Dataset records
▶
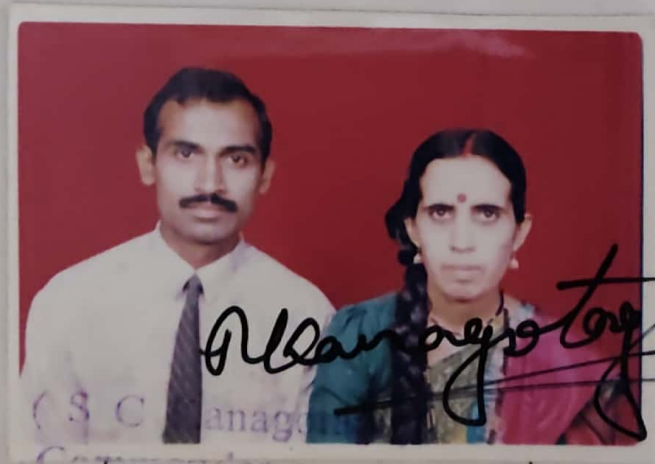
(S. C. Manag... Commander Officer-in-Charge Release Centre
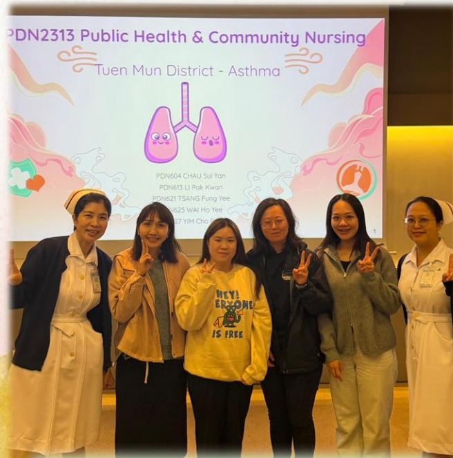
PDN6 PDN2313 專案示範 合照
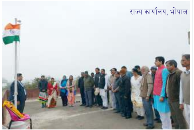
राज्य कार्यालय, भोपाल
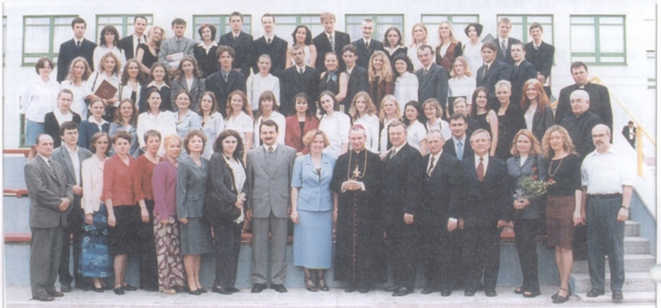
Rodzinna, pamiątkowa fotografia uczniów i przyjaciół szkoły

Podobno najmądrzejszy - w sensie posiadanej wiedzy książkowej - jest człowiek w czasie matury. Któż nie wspomina z łezką w oku czasów spędzonych w szkole.
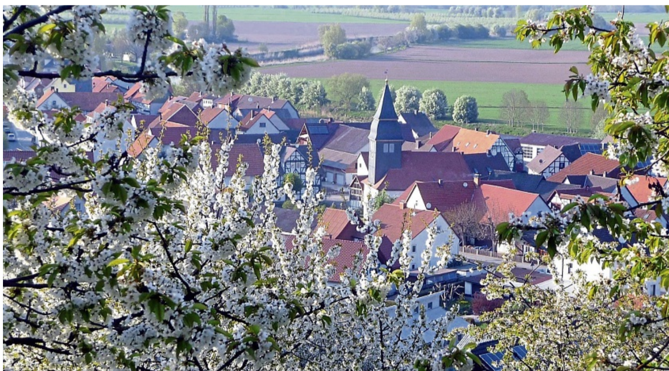
Beginn der Kirschblüte im Kirschenland: Wenn die Kirschbäume rund um Wendershausen aufblühen, tauchen sie die Landschaft in ein zartes Weiß. Ein Naturschauspiel, das jedes Jahr zahlreiche Besucher anlockt.

Den Auftakt macht am Samstag, 5. April, eine Tour durch das Kirschenland bei Wendershausen. Unter der Leitung von Agata Stawinoga, einer ausgewiesenen Kirsch-Expertin, geht es von 10 bis 13 Uhr durch Plantagen und Streuobstwiesen. Die Teilnehmer erfahren Wissenswertes über Kirscharten, Baumpflege und die Bedeutung der Obstwiesen für die Tierwelt. Eine zweite Wanderung folgt am Ostersonntag, 19. April, wenn die Kirschblüte in
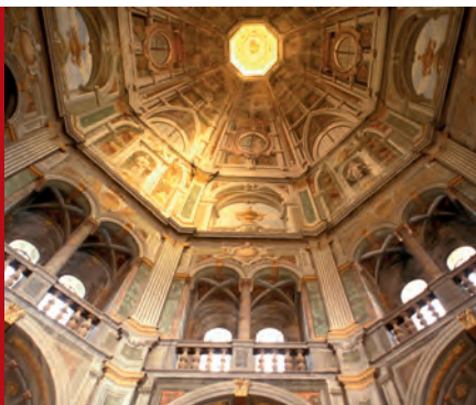
Koepel van de kerk in Sabbioneta

♥ Slenter door de Via Garibaldi in Genua en bewonder de twaalf prachtige paleizen in een van de elegantste straten van Italië. Ze vormen een uniek voorbeeld van de aristocratische stedenbouw in Europa. Zie blz. 211.
◀
* _Required action_
Find the string "Kirschblüte" in the lines above and count those lines. Give only that count.

* _Completed exercise_
2